[Opening Records to process section]
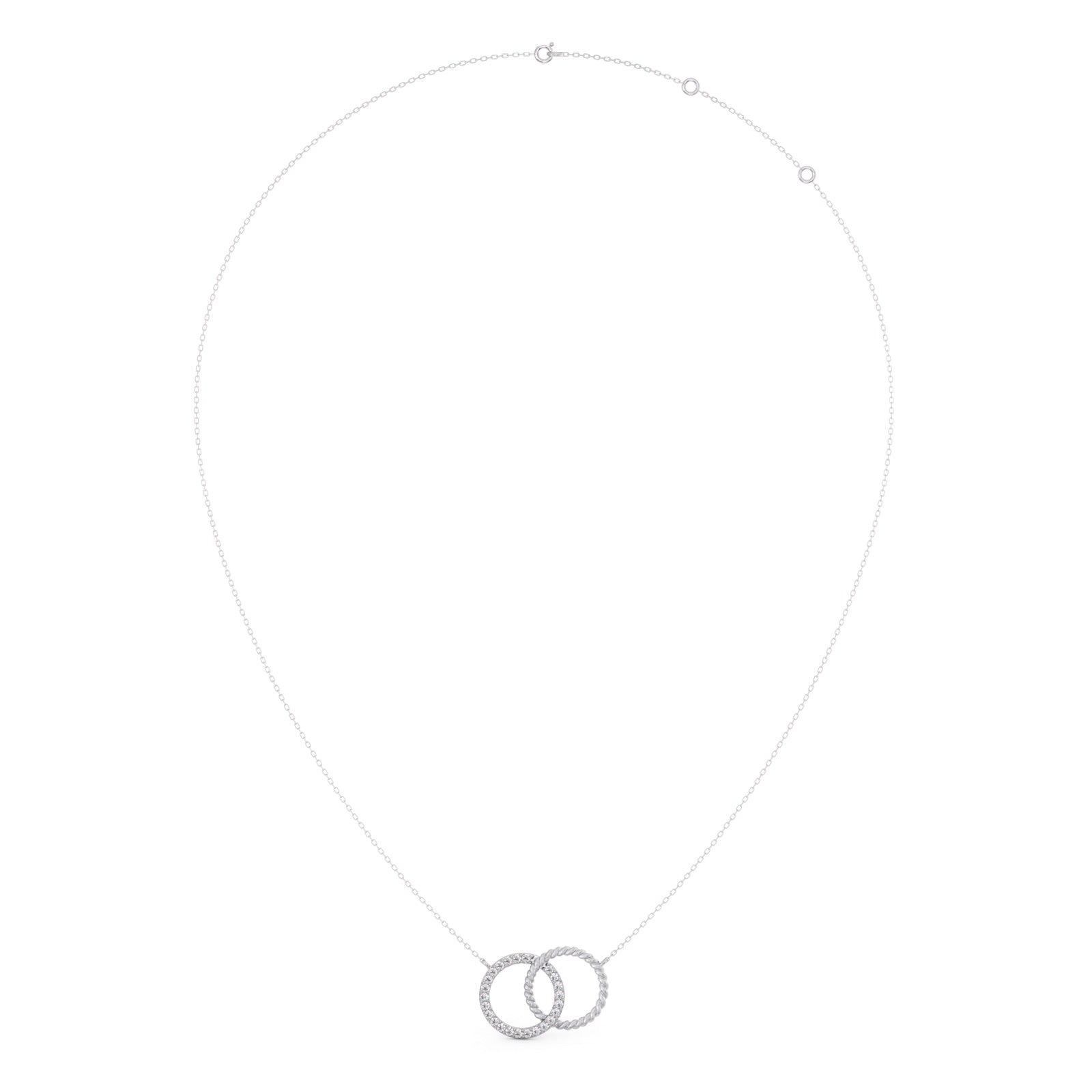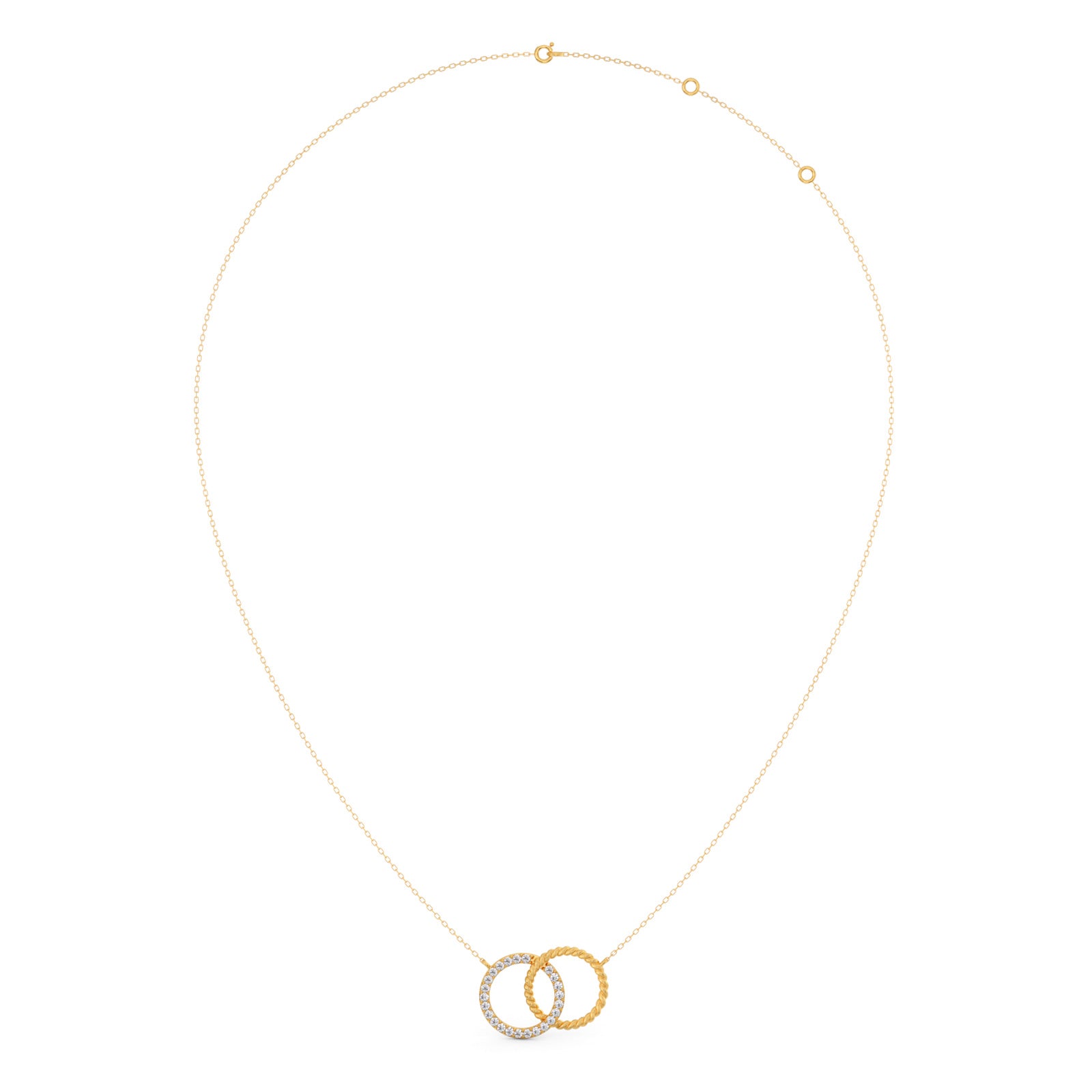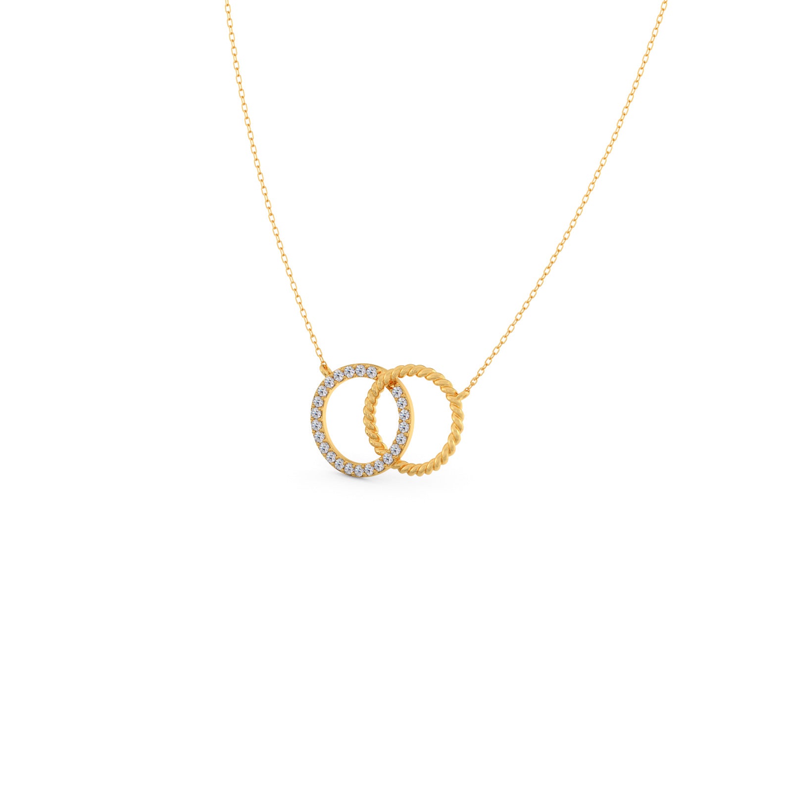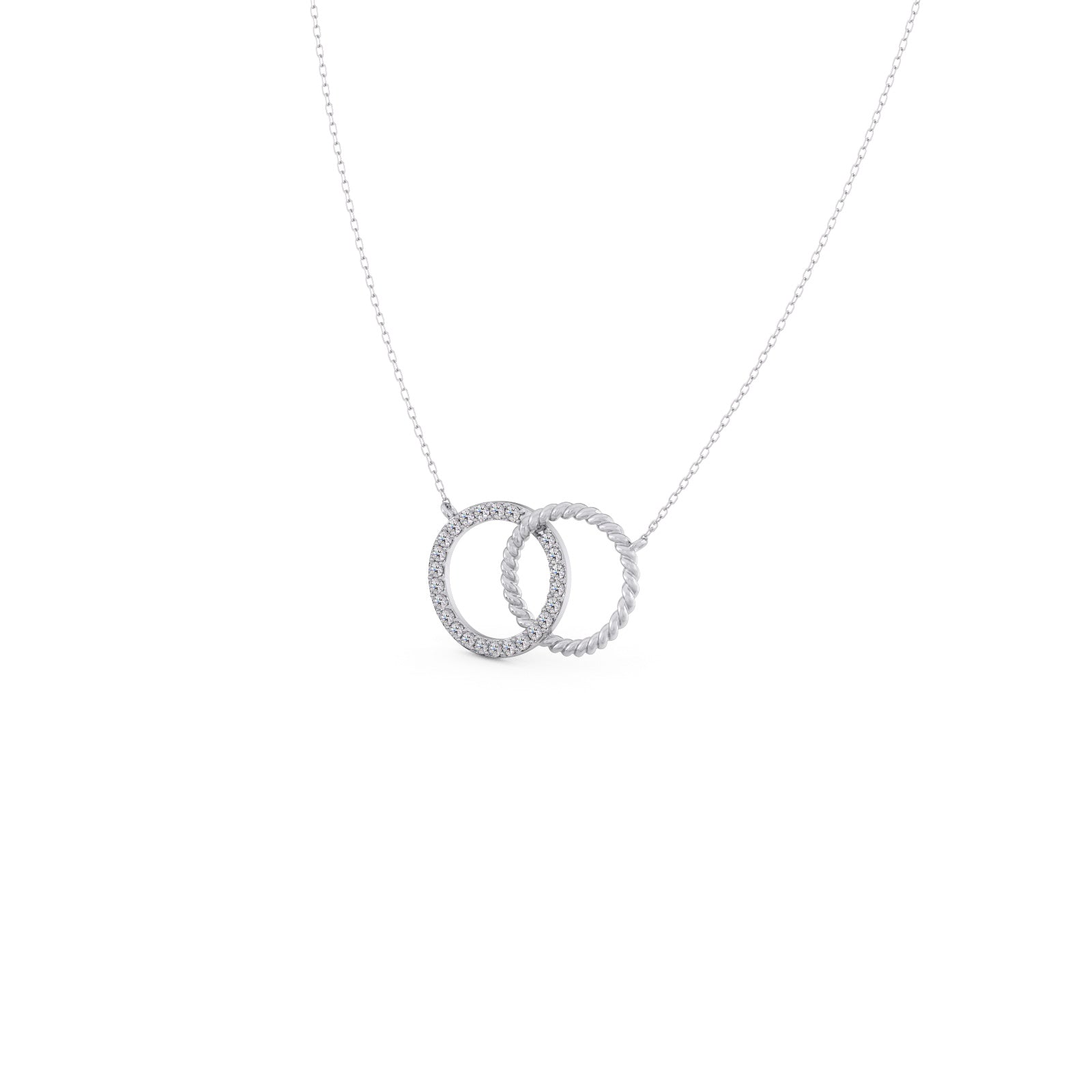 The Eternal Duo Circle Diamond Pendant showcases two gracefully linked circles, representing harmony and everlasting connection. One circle sparkles with brilliant round diamonds, while the other adds depth with a refined textured design. A versatile and elegant piece, it beautifully complements both casual and formal looks.
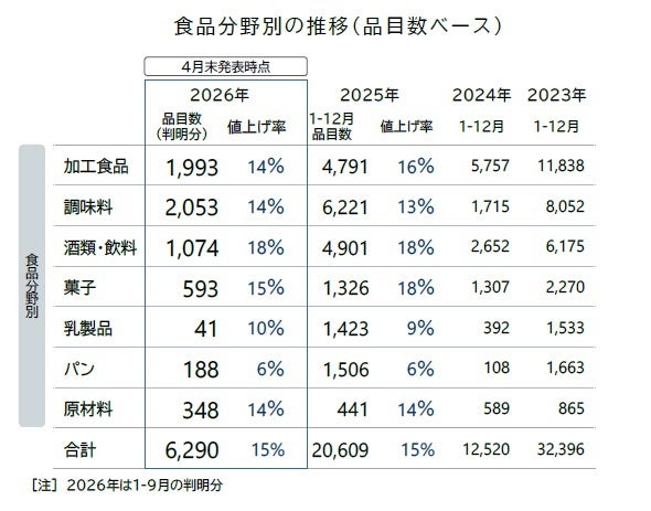 主要な食品メーカー195社における、家庭用を中心とした2026年の値上げは、1~9月までの累計で6290品目となった。年間の値上げ品目予定が1万品目を超えていた前年同時期(2025年4月調査時、1万4409品目)に比べ、2026年4月調査時では予定を含め、前年比6割減ペースでの推移となった。
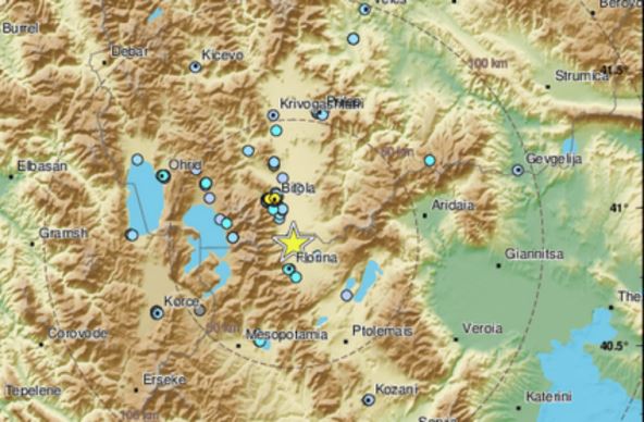 Kako je navodeno na sajtu, u 16.14 sati registrovan je zemljotres 120 kilometara južno od Skoplja, u pograničnom epicentralnom području Bitolj-Lerin.
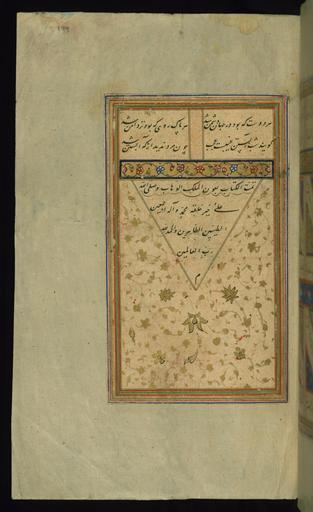 Keywords: Hafiz - Illuminated Tailpiece and Colophon - Walters W634199A - Full Page.jpg This illuminated tailpiece from Walters manuscript W 634 contains the final verses of the Divan and a colophon with prayers for the prophet Muhammad and his family 10th century AH/AD 16th century Safavid ink pigments laid paper cm 23 5 14 5 accession number W 634 199A 81410 Henry Walters Baltimore date and mode of acquisition unknown Walters Art Museum Henry Walters Acquired by Henry Walters Transliteration place of origin Iran Walters Art Museum license 2D Divan by Hafez Safavid Walters MS 634 |
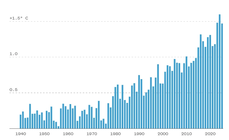 2025 рік увійшов до трійки найтепліших років в історії вимірювань, свідчать останні дані кількох міжнародних кліматичних агентств. Це черговий тривожний сигнал про те, що глобальне потепління продовжує прискорюватися на тлі зростання концентрації парникових газів в атмосфері.
[Closing Records to process section]
# Task objective
Any picture among the entries must be skipped; copy all else exactly.

# Expected answer
 The Eternal Duo Circle Diamond Pendant showcases two gracefully linked circles, representing harmony and everlasting connection. One circle sparkles with brilliant round diamonds, while the other adds depth with a refined textured design. A versatile and elegant piece, it beautifully complements both casual and formal looks.
 主要な食品メーカー195社における、家庭用を中心とした2026年の値上げは、1~9月までの累計で6290品目となった。年間の値上げ品目予定が1万品目を超えていた前年同時期(2025年4月調査時、1万4409品目)に比べ、2026年4月調査時では予定を含め、前年比6割減ペースでの推移となった。
 Kako je navodeno na sajtu, u 16.14 sati registrovan je zemljotres 120 kilometara južno od Skoplja, u pograničnom epicentralnom području Bitolj-Lerin.
 Keywords: Hafiz - Illuminated Tailpiece and Colophon - Walters W634199A - Full Page.jpg This illuminated tailpiece from Walters manuscript W 634 contains the final verses of the Divan and a colophon with prayers for the prophet Muhammad and his family 10th century AH/AD 16th century Safavid ink pigments laid paper cm 23 5 14 5 accession number W 634 199A 81410 Henry Walters Baltimore date and mode of acquisition unknown Walters Art Museum Henry Walters Acquired by Henry Walters Transliteration place of origin Iran Walters Art Museum license 2D Divan by Hafez Safavid Walters MS 634 |
 2025 рік увійшов до трійки найтепліших років в історії вимірювань, свідчать останні дані кількох міжнародних кліматичних агентств. Це черговий тривожний сигнал про те, що глобальне потепління продовжує прискорюватися на тлі зростання концентрації парникових газів в атмосфері.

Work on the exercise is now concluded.